The Euros Can’t Cover Up Europe and Germany’s Cracks
Photo by Qian Jun/MB Media/Getty Images
Spain, mercifully, have won the European Championship. The only team to consistently play high-quality, entertaining soccer throughout the tournament, they won every game they competed in — an unprecedented feat — and, in doing so, they overcame four World Cup-winning teams in Italy, Germany, France and England, not to mention the 2018 finalists Croatia. They fully deserved their win.
Their opponents in Sunday’s final, England, played a very different tournament. Their run was significantly easier than Spain’s, and, in the neutral opinion of this writer, who happens to be Irish, their victory on Sunday would have represented a stain upon the sport. England, with their perpetual sideways and backward passing, sucked the joy out of nearly every game they played, committed to a sort of anti-football against inferior opposition and progressed, ultimately, because of last-minute flashes of brilliance by their talented attacking players.

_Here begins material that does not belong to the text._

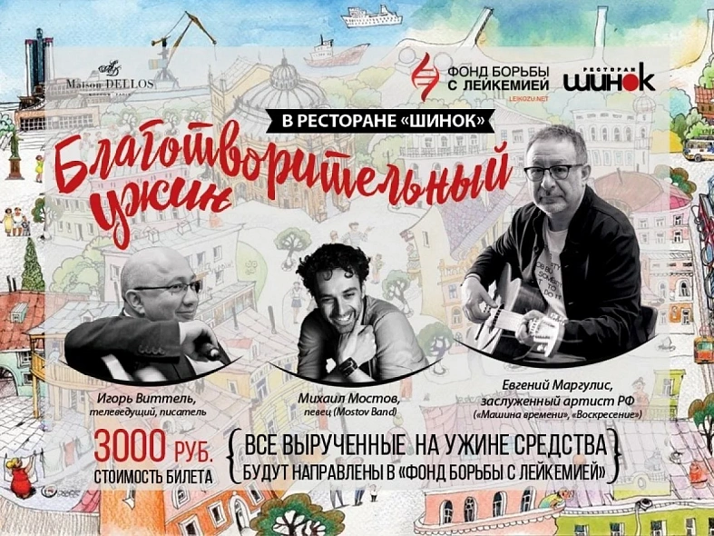 Одесский вечер в ресторане «Шинок» состоится 12 июля, вырученные средства пойдут в «Фонд борьбы с лейкемией». Ведущие вечера, — Игорь Виттель, российский журналист, продюсер, и телеведущая Надана Фридрихсон, создадут для гостей непринужденную атмосферу общения, привнеся в приятную беседу одесский колорит. Гости вспомнят ставшие легендой одесские анекдоты и истории, полные доброй ностальгии.

Assuming you managed to avoid most England and France games — the French, too, seemed intent on boring their opponents into submission — the rest of the tournament was satisfactorily drama-filled. We’ve seen an absurd number of own goals, one of which, scored by Turkey’s Samet Akaydin, was among the funniest I’ve ever seen. We’ve witnessed the strange psychodrama of a profoundly talented Portugal team sacrificing itself at the altar of a faded, 39-year-old Cristiano Ronaldo’s frightening ego. And we’ve enjoyed the tournament’s lowest ranked team, Georgia, defying expectations by beating said Portugal team and making it to the knockout stages.
The Euros, broadly speaking, were fun, but, as ever with international soccer tournaments, politics has reared its ugly head at every turn. The ethnic tensions between the Balkan nations have been on show, with groups of rival fans directing racist and violent chants at each other. The people of Georgia, while enjoying their team’s performances on the pitch, have, at the same time, been facing off against their own government, which is forcing through a bill critics say will stifle civil society and align their country with Russia.
Days before the Euros kicked off, the far right made massive gains in the European parliamentary elections. The consequences were felt immediately in France, when President Emmanuel Macron inexplicably called a snap parliamentary election at home. The far-right Rassemblement National (RN) party looked certain to benefit from the president’s rash decision, but, through last-minute deal-making between centrist and leftist parliamentary candidates, the reality of a RN-led government was, for the time being, avoided.
Other nations competing at the Euros have already succumbed to authoritarian and anti-immigrant governments. The far right is in power, either as part of a coalition or with a majority, in Turkey, Hungary, Switzerland, Slovakia, Italy, Croatia and the Netherlands. The United Kingdom has just voted in a centrist Labour government, but the far-right Reform UK party also saw gains in the election.
War casts the darkest shadow over this year’s Euros. Ukraine, whose team was knocked out of the group stages on goal differential, continues to struggle against Russia’s illegal invasion, while another conflict between two UEFA members who didn’t compete in the competition, Armenia and Azerbaijan, recently ended after the ethnic Armenian enclave of Nagorno-Karabakh was officially dissolved and absorbed into Azerbaijan, in the process displacing tens of thousands of Armenians.
This is to say nothing yet of the ongoing war on Gaza, in which several European states are complicit.
Which brings us neatly to the Euros’ host. Germany performed better on the pitch than might have been expected, given the failures of recent years, but their relative footballing success this summer is hardly enough to distract from the many crises the nation faces.